Year: Team; Games; Passing; Rushing; Sacks; Fumbles
GP: GS; Record; Cmp; Att; Pct; Yds; Y/A; Lng; TD; Int; Rtg; Att; Yds; Avg; Lng; TD; Sck; SckY; Fum; Lost
2023: LAR; 0; 0; —; DNP
2024: LAR; 0; 0; —; DNP
2025: LAR; 0; 0; —; DNP
Career: 0; 0; 0–0; 0; 0; 0.0; 0; 0.0; 0; 0; 0; 0.0; 0; 0; 0.0; 0; 0; 0; 0; 0; 0

== Personal life ==
Stetson Bennett IV is the son of Denise and Stetson Bennett III. His parents met at and graduated from the University of Georgia College of Pharmacy.
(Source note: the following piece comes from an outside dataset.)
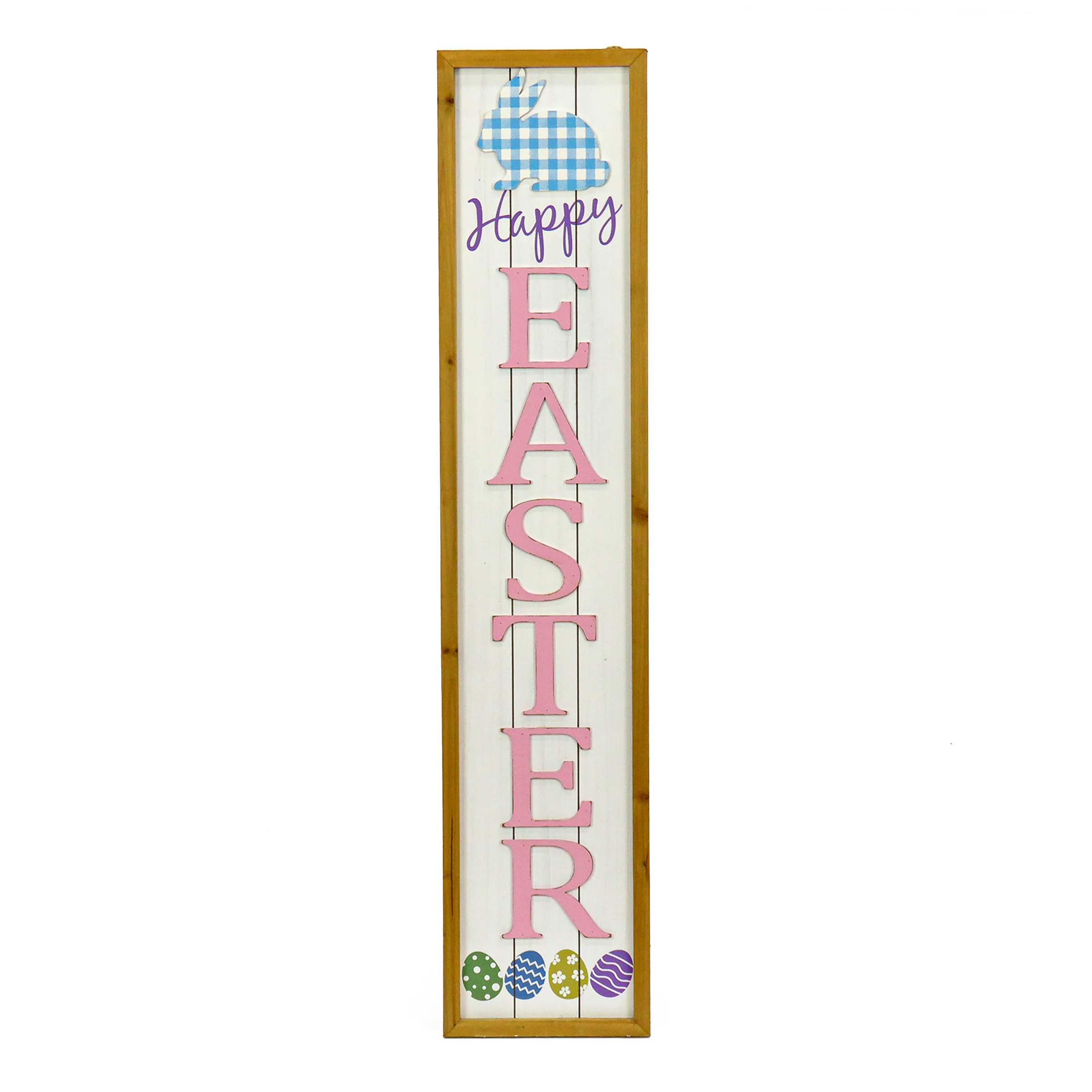 - This porch decoration features a script lettered Happy above a bright pink lettered Easter with added bunny and colored egg trimmings

Bennett is the grandson of Buddy Bennett, who played quarterback for the South Carolina Gamecocks from 1958 to 1960 and later was a coach.

On January 28, 2023, Bennett was arrested in Dallas, Texas on public intoxication charges after banging on doors in a residential area at 6 a.m.